Documentary spotlights the gentrification of working-class areas in East Multnomah County.

OUTLOOK PHOTO: ZANE SPARLING - Donovan Smith and Sika Stanton in downtown Portland.Portland filmmaker Sika Stanton and journalist Donovan Smith recently collaborated on "The Numbers," a documentary focusing on life in the "numbered" streets of East Multnomah County.

The film — available at — was funded by a grant from the Oregon Humanities. Here's what you need to know before you watch.

OUTLOOK: What questions did you ask to get people talking?

SIKA STANTON: What makes a home a home, what makes a place like home? This area is fraught with a lot of perceptions about what it is or is not. I was curious if people were aware and if they agreed with that.

OUTLOOK: Can you describe those perceptions?

DONOVAN SMITH: If your neighbors (are) a lot of black people or a lot of brown people, they get branded with a blanket of criminality.

OUTLOOK: Most of your interview subjects are young. Why?

SMITH: That was on purpose. We wanted to talk to people who were (inside) the American Dream. Eighteen-to-25-year-olds, that's the core bracket where you're getting your own home, pursuing a career — things that aren't necessarily happening for (our) generation.

OUTLOOK: Gentrification is a hot topic in Gresham right now. What's your take?

STANTON: It's already happening in the area they've designated as urban renewal areas. More people want to live here. You can't change that, but you can try to influence it.

SMITH: How many people in Rockwood actually know what Rockwood Rising is? How many people are going to be displaced? How many people are going to stay in the neighborhood and actually benefit from the services? Those are all important questions.

OUTLOOK: Any answers?

SMITH: Gentrification is not as simple as putting a structure up and people get dispersed. There's levels of engagement, and the government or the city is not creative enough in terms of engagement and inclusivity.

Especially with Rockwood Rising, that structure is being built with some city funds, but it's being majority built by outside investors. Because they control the majority of development, 80 percent of the housing that's (planned) is not even affordable.

STANTON: That's the thing! People have to make a profit, and we live in a capitalist model. So how do you benefit people who have the least amount of capital in that equation?

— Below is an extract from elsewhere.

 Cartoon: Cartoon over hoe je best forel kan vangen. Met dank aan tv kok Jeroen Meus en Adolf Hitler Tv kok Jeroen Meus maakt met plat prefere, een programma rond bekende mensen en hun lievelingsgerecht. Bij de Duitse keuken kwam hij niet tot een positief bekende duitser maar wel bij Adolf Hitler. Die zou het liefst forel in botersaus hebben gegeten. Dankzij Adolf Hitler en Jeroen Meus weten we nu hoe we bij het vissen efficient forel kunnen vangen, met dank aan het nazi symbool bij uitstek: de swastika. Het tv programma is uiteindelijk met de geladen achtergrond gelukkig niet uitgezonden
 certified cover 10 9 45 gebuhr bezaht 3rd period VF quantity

How do you generate the economy in your neighborhood if nobody has any money?

OUTLOOK: I don't know.

STANTON: The solution is always going to be get more money. Those are the questions I (leave) our film with. We talked to all these kids (who) all want the same thing. Everybody wants to live in a nice place. Everybody wants the opportunity to determine the course of their lives and their dreams.

OUTLOOK: What would you like city planners to change about Rockwood Rising?

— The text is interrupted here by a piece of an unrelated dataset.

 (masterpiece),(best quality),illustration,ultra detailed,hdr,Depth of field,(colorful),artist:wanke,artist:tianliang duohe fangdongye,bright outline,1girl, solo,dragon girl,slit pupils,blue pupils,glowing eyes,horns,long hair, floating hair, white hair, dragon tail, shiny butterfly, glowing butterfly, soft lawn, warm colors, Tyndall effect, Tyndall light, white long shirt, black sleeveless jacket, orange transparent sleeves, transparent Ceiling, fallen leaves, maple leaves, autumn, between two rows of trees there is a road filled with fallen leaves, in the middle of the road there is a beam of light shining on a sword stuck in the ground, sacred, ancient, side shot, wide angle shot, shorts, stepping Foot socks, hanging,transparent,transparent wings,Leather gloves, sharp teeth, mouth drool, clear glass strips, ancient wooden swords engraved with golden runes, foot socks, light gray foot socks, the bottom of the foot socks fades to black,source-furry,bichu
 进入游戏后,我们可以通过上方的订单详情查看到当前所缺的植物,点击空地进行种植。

SMITH: "I think they could be more public about how many people are going to be displaced in places like Rockwood, where rents are starting to go up, where people are starting to leave their homes due to the "market."

They're not even giving an estimate. They're saying, 'We're doing this for you — just trust us.' When the process of gentrification has always been so secretive and insidious.

OUTLOOK: It sounds like the documentary is a lot larger than just Rockwood.

SMITH: The film is about everything past 82nd Avenue in Portland. The way that politics functions, sometimes it passes off blame or responsibility because of where somebody's zip code is or the lines that have been drawn.

OUTLOOK: What do you want viewers to take away from the film?

STANTON: There's this thing about perception versus reality. I want people to have less stereotypes when they talk to people who don't necessary look like them. Check your perception of an area, and actually engage with it and be curious.


Name: Sika Stanton

Age: 35

For this film: Producer, camerawoman and editor

On the web:

Education: Studied art and photography at Stanford University

Current home: The Historic Mississippi District in Portland. "Historically black," she clarifies. "Everytime I see one of those (historic) signs I want to write over it: Historically black."


Name: Donovan Smith

Age: 26

For this film: Copywriter and production assistant

On the web:

Education: Oregon Episcopal School. Attended Fisk University for two years.